So, I'd propose the following left-handed scheme:

  • x+ is the lateral axis, pointing rightward on your screen
  • y+ is the vertical axis, pointing upward on your screen
  • z+ is the depth axis, pointing diagonally "into" your screen, away from the viewer

Next, we'll track the ball's position AND velocity in 3D (in what we call worldspace), using all 3 axes.

eg.

ball.position.x += ball.velocty.x * deltaTime;
ball.position.y += ball.velocty.y * deltaTime;
ball.position.z += ball.velocty.z * deltaTime;

or if we define vector addition and scalar multiplication on our vector types, we can write this more concisely as ball.position += ball.velocity * deltaTime

This makes it much easier to check things like "did the ball hit the table?" - let's say our table spans -10 to +10 on the x axis, and -5 to 5 on the z axis, at a height of y = 0. Then our bounce check can look like...

if(ball.position.y < table.height /*0*/ ) {
    if(Abs(ball.position.x) <= table.length /*10*/
        && Abs(ball.position.z) <= table.width /*5*/) {
        // In bounds! Let's bounce the ball, 
        // reflecting its position & velocity across the table's plane.
        ball.position.y = 2 * table.height - ball.position.y;
        ball.velocity.y *= -1;
    } else {
        // Ball fell out of bounds. Score a point for someone.
        OutOfBounds();
    }
}

A more accurate collision method would check the line between the previous & current position of the ball, to check if we clipped the table on our way past the edge, but this shows how simple the math can be in worldspace rather than trying to infer depth & test against a parallellogram in screenspace.
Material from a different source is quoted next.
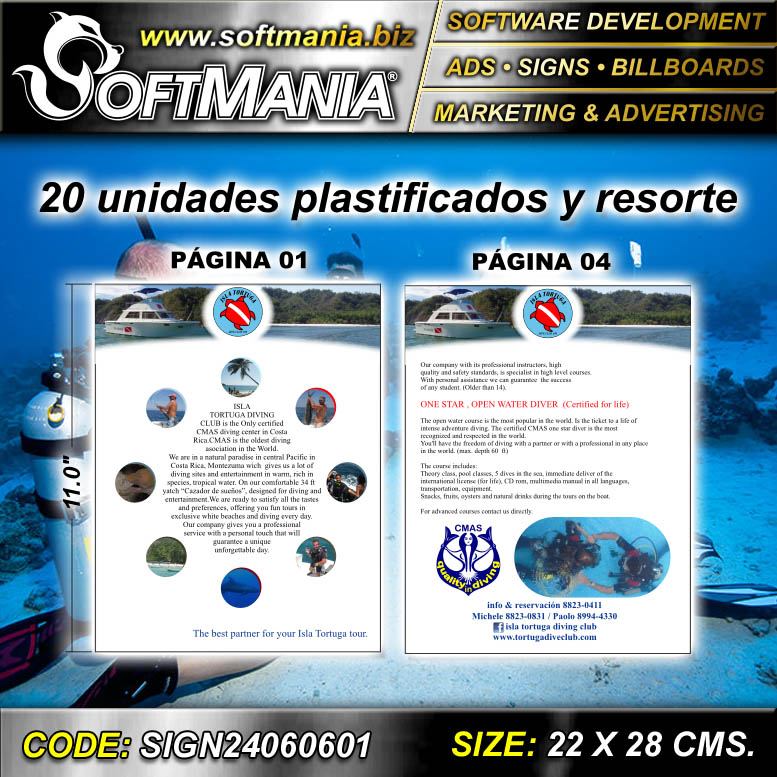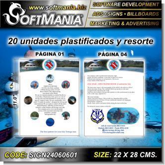 Papeleria Comercial Volante Promocional de Carton Impreso Full Color Dos Caras con Texto Descripcion del Curso de Buceo Paginas 2 y 3 para Escuela de Buceo marca Softmania Ads de Dimensiones 22x28 Centimetros

When we want to convert a 3D worldspace position into 2D screenspace for display, we use a projection. Here's an example of a simple projection you could use:

Vector2 ProjectToScreenPixels(Vector3 worldspace) {
    Vector2 screenSpace = worldSpace.x * screenX
                        + worldSpace.y * screenY
                        + worldSpace.z * screenZ;

    screenSpace += originOffset;

    /* equivalent to:
    screenSpace.x = worldSpace.x * screenX.x
                  + worldSpace.y * screenY.x
                  + worldSpace.z * screenZ.x
                  + originOffset.x;

    screenSpace.y = worldSpace.x * screenX.y
                  + worldSpace.y * screenY.y
                  + worldSpace.z * screenZ.y
                  + originOffset.y;
    */

    return screenSpace;
}

We use a few configuration parameters to control the projection. These three decide which way on the screen each axis of our 3D world should point, and how it should be scaled or foreshortened:

Vector2 screenX = new Vector2(5, 0);  // +1 unit of x = 5 pixels right on-screen
Vector2 screenY = new Vector2(0, 5);  // +1 unit of y = 5 pixels up on-screen
Vector2 screenZ = new Vector2(2, 2);  // +1 unit of z = ~3 pixels diagonally

This is roughly a Cabinet projection: we keep the x & y axes perpendicular & scaled equally, and foreshorten the depth axis that lays diagonal to them. I chose it as a roughly eyeballed match for the image included in your original question.

You can use an additional originOffset vector to control where the position (0,0,0) should get drawn on your screen, which effectively pans the whole scene around to help you frame it the way you want.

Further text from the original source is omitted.